#### What to do:
Please reproduce the listing verbatim, without its images.

'''

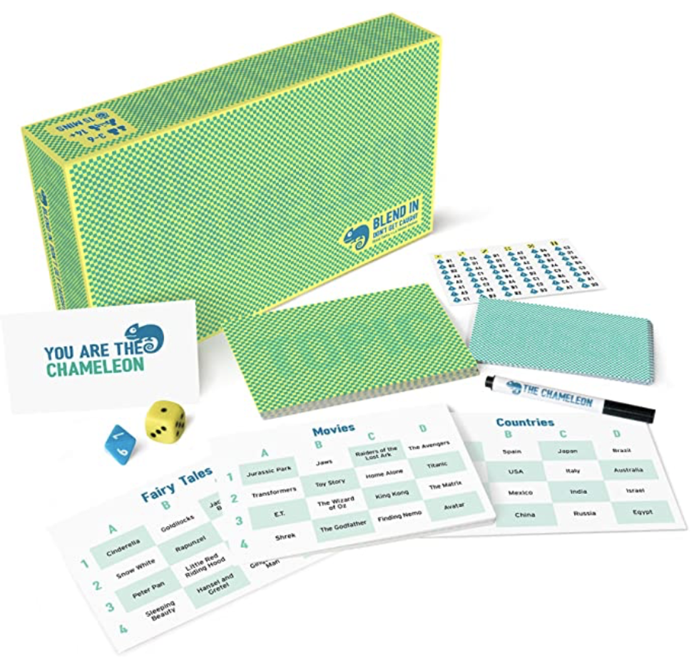 This board game is similar to more familiar games such as "Werewolf" or "Mafia" which are played with a deck of cards. The Chameleon starts with passing out cards, one of which reads "You Are The Chameleon." While everyone else knows which specific words is being described form the subject card, the Chameleon doesn't. It's the Chameleon's job to blend in and hopefully figure out which word is being described from the other players. If the Chameleon can't figure it out and gets caught, they lose!
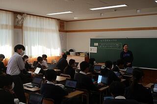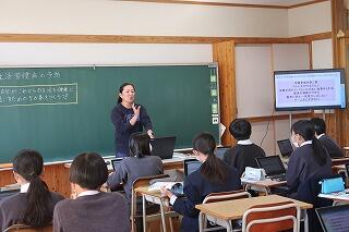 日向中では、よりよい授業への改善を目的として、先月から「相互参観授業」を行っています。今週は2年生の教室で「保健体育」の授業を参観しました。授業は「生活習慣病の予防」で、生活習慣病について症状や原因などを勉強した後、自分がこれからの生活を健康に過ごすための5箇条を考え、それをグループで発表して他の生徒から意見をもらい修正するものでした。
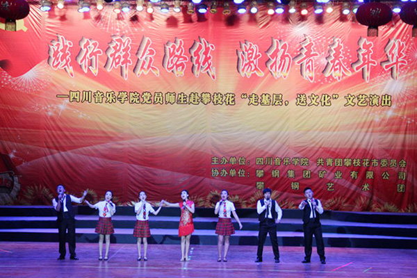 7月10日、13日,beat365党员师生赴攀枝花“走基层、送文化”文艺演出在攀钢俱乐部及攀枝花学院会堂分别举行。曾获得过中国音乐“金钟奖”及在全国声乐比赛、全国文艺处新人大赛、中央电视台歌手邀请赛、全国青年歌手电视大奖赛获得奖项的师生的精彩演出受到现场群众广泛赞誉。
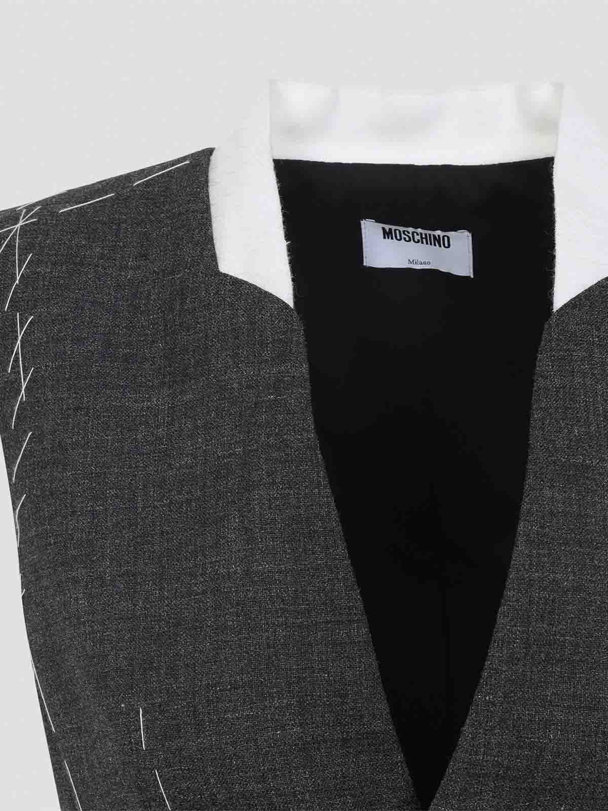 Moschino grey vest pure grey vest stand, up collar with white buttoned side flap pockets white on the shoulders sleeveless round hem contrasting white stitching
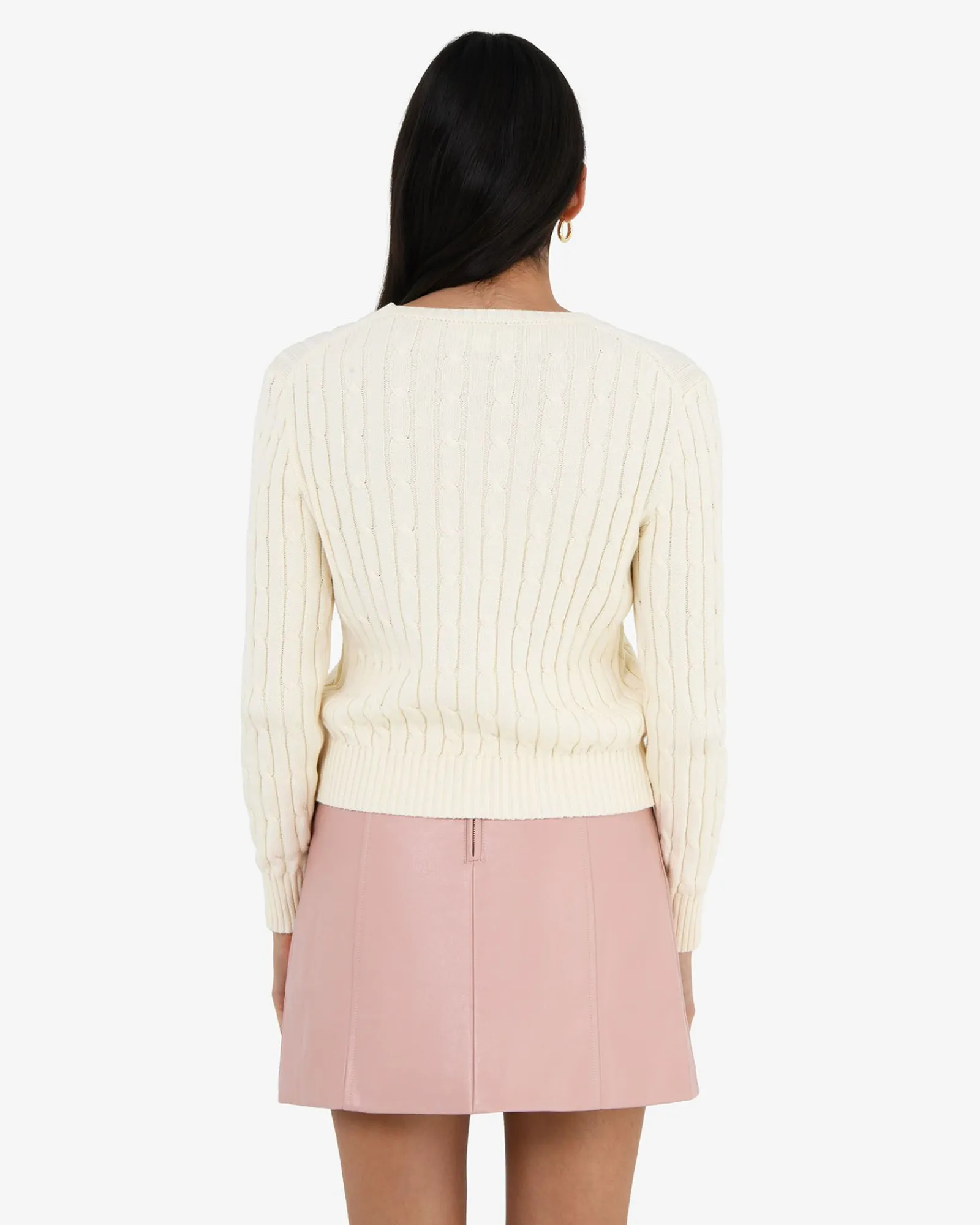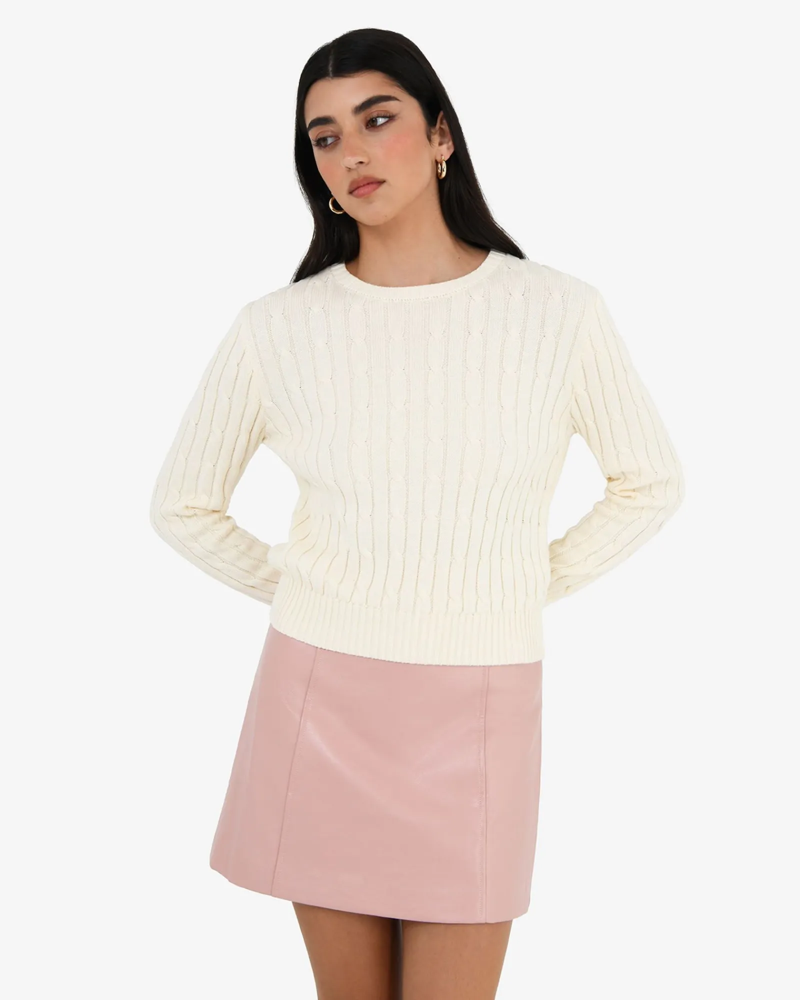 Cozy up in the Juanita Cotton Cable Knit. Crafted from soft cotton, it’s the perfect piece for transitioning between seasons, a timeless wardrobe staple that effortlessly blends comfort and style.
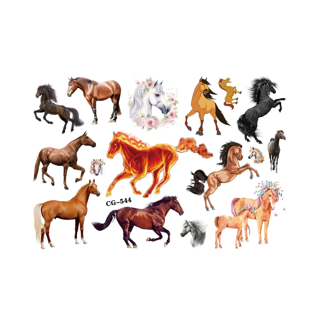 Exprimez votre passion pour l'univers équestre avec cette planche de tatouages temporaires haute définition. Alliant réalisme et élégance, ces motifs représentent des chevaux dans toute leur splendeur, des portraits détaillés aux silhouettes dynamiques. Parfait pour tester un style avant un vrai tatouage ou pour ajouter une touche sauvage à votre look lors d'un événement spécial, ce produit offre un rendu artistique saisissant. Sa grande taille permet de disposer de nombreux motifs variés sur une seule et même planche, idéale pour décorer les bras, les épaules ou les chevilles.
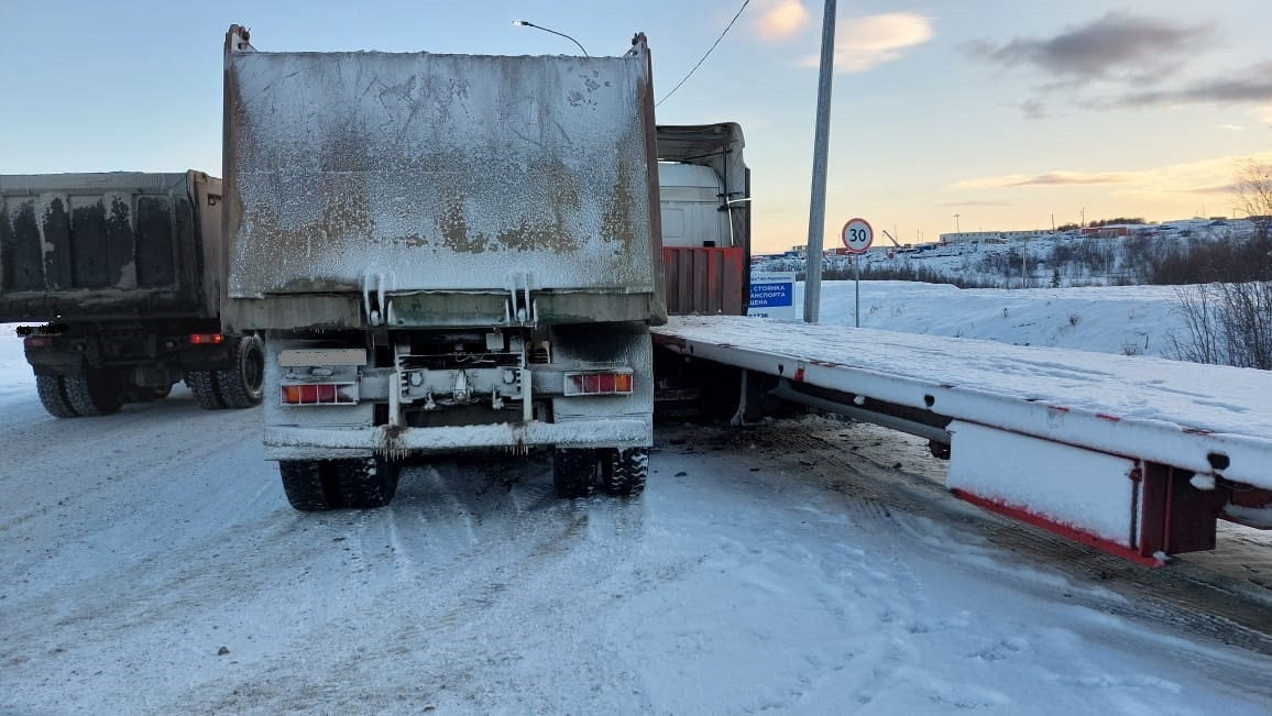 В Мурманской области на 13 километре автодороги Мишуково - Снежногорск днем 7 ноября произошла авария с участием двух грузовых автомобилей. Об этом сообщили в региональном ГУ МЧС.

'''

#### Task answer:
 This board game is similar to more familiar games such as "Werewolf" or "Mafia" which are played with a deck of cards. The Chameleon starts with passing out cards, one of which reads "You Are The Chameleon." While everyone else knows which specific words is being described form the subject card, the Chameleon doesn't. It's the Chameleon's job to blend in and hopefully figure out which word is being described from the other players. If the Chameleon can't figure it out and gets caught, they lose!
 日向中では、よりよい授業への改善を目的として、先月から「相互参観授業」を行っています。今週は2年生の教室で「保健体育」の授業を参観しました。授業は「生活習慣病の予防」で、生活習慣病について症状や原因などを勉強した後、自分がこれからの生活を健康に過ごすための5箇条を考え、それをグループで発表して他の生徒から意見をもらい修正するものでした。
 7月10日、13日,beat365党员师生赴攀枝花“走基层、送文化”文艺演出在攀钢俱乐部及攀枝花学院会堂分别举行。曾获得过中国音乐“金钟奖”及在全国声乐比赛、全国文艺处新人大赛、中央电视台歌手邀请赛、全国青年歌手电视大奖赛获得奖项的师生的精彩演出受到现场群众广泛赞誉。
 Moschino grey vest pure grey vest stand, up collar with white buttoned side flap pockets white on the shoulders sleeveless round hem contrasting white stitching
 Cozy up in the Juanita Cotton Cable Knit. Crafted from soft cotton, it’s the perfect piece for transitioning between seasons, a timeless wardrobe staple that effortlessly blends comfort and style.
 Exprimez votre passion pour l'univers équestre avec cette planche de tatouages temporaires haute définition. Alliant réalisme et élégance, ces motifs représentent des chevaux dans toute leur splendeur, des portraits détaillés aux silhouettes dynamiques. Parfait pour tester un style avant un vrai tatouage ou pour ajouter une touche sauvage à votre look lors d'un événement spécial, ce produit offre un rendu artistique saisissant. Sa grande taille permet de disposer de nombreux motifs variés sur une seule et même planche, idéale pour décorer les bras, les épaules ou les chevilles.
 В Мурманской области на 13 километре автодороги Мишуково - Снежногорск днем 7 ноября произошла авария с участием двух грузовых автомобилей. Об этом сообщили в региональном ГУ МЧС.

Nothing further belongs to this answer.